The list of things collected in what will be in the initial release has not changed significantly except that now, as mentioned above, EF7 will also support the UWP apps.

Re VS *& .NET versions. While ASP.NET 5 can run on the DNX environment, it can also be run on a full .NET Framework environment. In the course, it says this will be possible with 4.5 and beyond. Now it will be for .NET 4.5.1 and beyond. I don’t believe that the future releases will revert back to supporting 4.5 at all.

Installing: As mentioned above, the latest stable release is available on Nuget.org. (Today that is RC1). The nightly builds are available via the myget package source (https://www.myget.org/gallery/aspnetvnext). The team is currently working on RC1 in the nightly builds. Sometime this month (November 2015) a stable version of RC1 will become available on Nuget.org and that will be what you get with the “-pre” tag.

In Beta4 there was still an EF7 package named EntityFramework. That no longer exists, enabling us to use that package name to specifically target EF6. For EF7, it’s easiest to begin with the provider that you want and then this will pull down all of the relevant dependencies. So for example
install-package entityframework.sqlite” will pull down that package, the relational package (which includes migration support), the core package and others.

Don’t forget that the migrations commands are in a separate package: EntityFramework.Commands, which you need to explicitly install if you want to perform migrations in nuget or the DNX environment.

This is important: the “K Runtime” is now the “DNX runtime”.

All of the commands that you run start with dnx now, not k.

For example:

dnx ef migrations add

Playing with the proof of concept features The support for the stripped down framework used for Windows Phone 8 and Window Store apps was set aside and is still in that state. Those DLLs are not handily available.

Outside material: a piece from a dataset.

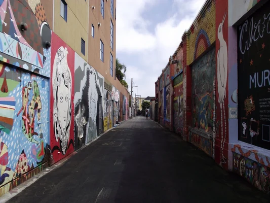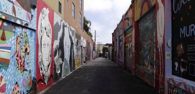 "Alley of vibrant, socially conscious community street art. Bring your camera."

The tricks I used in the course to access those assemblies may or may not work still. I haven’t tested. Remember though that the SQLite assembly is now part of EF7 so that’s easy to get! And if you can target Windows 10 phone & tablet apps with EF7.

Module 3: Querying and Updating with EF7 (Disconnected Graphs change!)

Most of the changes from that evolved since I created this course with beta4 are around syntax. Even in the course you could see that at first the team was renaming methods to better suit how they wish they had been named. For example, rather than have DbSet.Add and DbSet.AddRange, they modified add to just take an overload that accepted a range. But just before I pushed the course live, they changed the methods back to Add taking a single object and AddRange specifically for a range. The reason for this is to lessen the blow of changes to the API. This could be something that would be backwards compatible with EF6. There have been a number of changes like this as EF7 has evolved where some of the syntax was reverted to better align with EF6. Even behavior has shifted. Add is another example. EF6 and earlier had a pattern of [almost] always affecting full graphs when you pushed a root of a graph into the context with Add/attach/Delete or using the Entry().State property. And the effect were inconsistent. They experimented with completely separating behavior by making Add (etc) and Entry.State ONLY affect the root and then giving us a new method ChangeTracker.AddGraph soley for working with graphs. Since beta4, the team has narrowed in on a pattern that will be the final say on this matter. Here it is:

DbSet.Add, AddRange, Attach, AttachRange, Update, UpdateRange: These methods now take a new 2nd parameter which is an enum,GraphBehavior.

GraphBehavior values are IncludeDependents and SingleObject.

The default for the above methods is GraphBehavior.IncludeDependents which means that a just using it in a familiar way, e.g.:

context.Samurais.Add(myNewSamurai);

will result in *almost* familiar behavior. THe catch (which is a good improvement, in my opinion)is that the default behavior, IncludeDependents, is literally for dependent objects. it is not going to include All Related Objects. The distinction is important. Objects in a relationship are either principal (aka “parent”, or dependent (aka “child”). In the database these are easily distinguishable because the dependent is the one that has the foreign key back to the principal.

Consider the following Principal to Dependent relationships:

Order –> Line Items

Person->Address

Category->Products

It makes sense to create a new order, add some new line items to it and then add that order graph by calling context.Orders.Add(order). In this case, all of the dependent line items will be included in the operation, i.e. marked as Added as well.

It makes sense to add an address record to a person and then add that person to the context. context.People.Add(person). Again, the dependent address  would be marked as added. The category with it’s dependent products also is logical.

If for some reason you created a new line Address instance then identified it’s Person by setting someAddress.Person=somePerson, and then added that address via context.Addresses.Add(someAddress), EF7 will not mark the parent/principal object (somePerson) as Added. Adding a new address does not necessarily mean you are adding the new person so EF won’t make that presumption. I also am a fan of building my model with aggregate roots that are in charge of the behavior of their related data. So I wouldn’t allow my tyeps to be used in such a way that the user of my API could create an address and randomly add it anyway. So this behavior aligns with coding patterns that I recommend.

It also solves another problem I see a lot where devs use object instances to specify reference properties. I always recommend using foreign key properties for this but I know that so many programmers have the following problem.

Imagine this scenario:

The form for building or editing the order has a place to enter the a new  shipping address for a customer. One of those fields is a dropdown for “region” (in my case, in the U.S. that would be a state like Vermont or Utah). I query for a list of region objects and populate a dropdown list.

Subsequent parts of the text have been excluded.